Substitute $10\mu \text{F}$ for $C$ and $9\text{V}$ for $v\left(0\right)$ in equation (1) to find $w$.

$\begin{array}{c}w=\frac{1}{2}\left(10\mu \text{F}\right){\left(9\text{V}\right)}^2\\ =\frac{1}{2}\left(10\times {10}^{-6}\text{F}\right)\left(81{\text{V}}^2\right)\left\{\because 1\mu ={10}^{-6}\right\}\\ =405\times {10}^{-6}\text{F}\cdot \text{V}\\ =405\times {10}^{-6}\left(\frac{\text{A}\cdot \text{s}}{\text{V}}\cdot {\text{V}}^2\right)\left\{\because 1\text{F}=\frac{\text{1}\text{A}\cdot 1\text{s}}{\text{1}\text{V}}\right\}\end{array}$

Simplify the above equation to find $w$.

$\begin{array}{c}w=405\times {10}^{-6}\left(\text{A}\cdot \text{s}\cdot \text{V}\right)\\ =405\times {10}^{-6}\left(\frac{\text{C}}{\text{s}}\cdot \text{s}\cdot \text{V}\right)\left\{\because 1\text{A}=\frac{1\text{C}}{1\text{s}}\right\}\\ =405\times {10}^{-6}\text{C}\cdot \text{V}\\ =405\mu \text{J}\left\{\begin{array}{l}\because 1\text{J}=1\text{C}\cdot 1\text{V}\\ \text{1}\mu {\text{=10}}^{-6}\end{array}\right\}\end{array}$

Conclusion:

Thus, the energy stored in the element at time $t=0$ for the circuit shown in Figure 7.83 is $405\mu \text{J}$.

(b)

To determine

Explain whether the energy stored in the capacitor remains same for time $t>0$.

Answer to Problem 69E

No, the energy is not same in the capacitor for time $t>0$.

Explanation of Solution

Refer to Figure 7.83, it shows an $RC$ circuit.
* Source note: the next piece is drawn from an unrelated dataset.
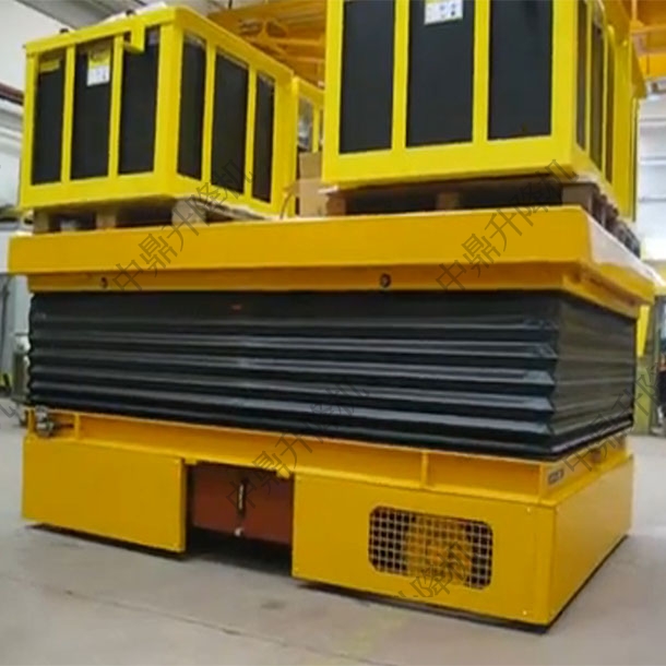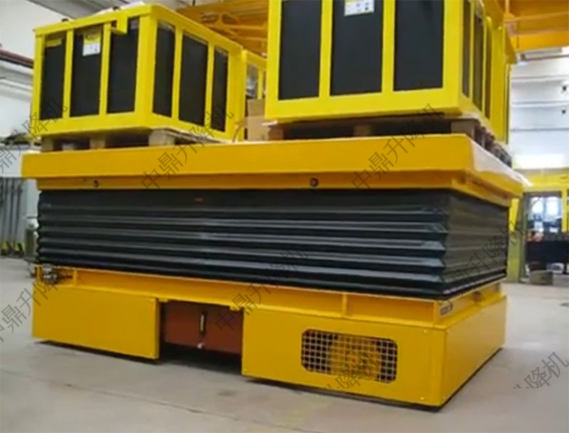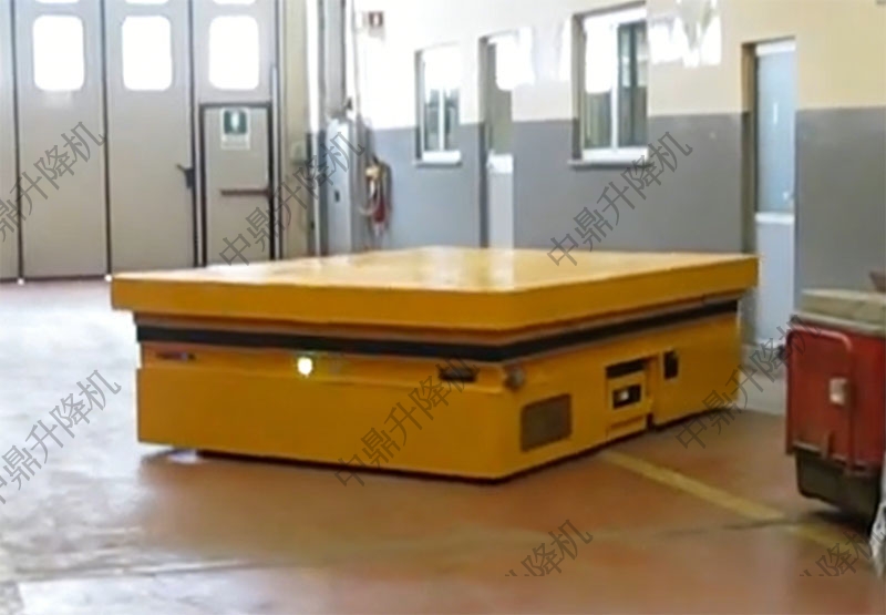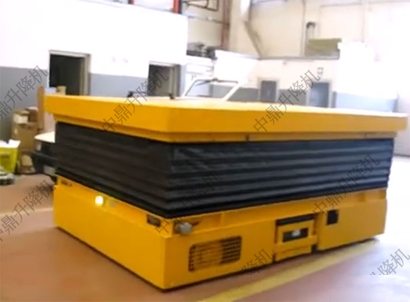 这是一款额定载重10吨的AGV升降运输车,采用醒目的黄色工业涂装,配备风琴式防护罩,可有效隔绝粉尘、碎屑,保护内部升降结构。

When an DC voltage is applied to the capacitor the charges up with an increasing voltage. Since the energy of capacitor is directly proportional to the voltage, for an increasing voltage energy also increases.

Due to the presence of resistor in a circuit, there is a voltage drop across the resistor which reduces the voltage across the capacitor. Therefore, the resistor slowly dissipate the energy stored in a capacitor for time $t>0$.

Conclusion:

Thus, the energy is not same in the capacitor for time $t>0$.

(c)

To determine

Determine the value of $v\left(t\right)$ at time $t=460\text{ms}$, $t=920\text{ms}$,  and $t=2.3\text{s}$ using transient simulation.

Answer to Problem 69E

The value of $v\left(t\right)$ at time $t=460\text{ms}$ is, $t=920\text{ms}$ is, and $t=2.3\text{s}$ is

Explanation of Solution

Calculation:

Create the new schematic in LTspice with series connected resistor and inductor of given circuit as shown in Figure 1.
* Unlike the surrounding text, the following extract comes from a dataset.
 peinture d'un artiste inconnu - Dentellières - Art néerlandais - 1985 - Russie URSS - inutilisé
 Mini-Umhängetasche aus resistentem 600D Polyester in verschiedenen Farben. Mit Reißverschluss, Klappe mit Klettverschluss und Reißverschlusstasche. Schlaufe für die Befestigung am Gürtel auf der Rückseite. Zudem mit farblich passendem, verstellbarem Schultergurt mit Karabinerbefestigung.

Using SPICE Directive mention the command .ic V(Cap_voltage)=9 as shown in Figure 2.

Enter the stop time as 2.5s, time to start saving data as 0, and maximum Timestep as 10ms in Edit simulation Cmd as shown in Figure 3. Use label net option and mention Cap_voltage.

After adding the Spice directives the circuit shows as in Figure 4.

Now run the simulation and place the probe at the node of capacitor, the plot of the voltage across the capacitor with respect to time is shown as shown in Figure 5.

By placing the cursor on the graph, we obtain the current values for different time as shown in below.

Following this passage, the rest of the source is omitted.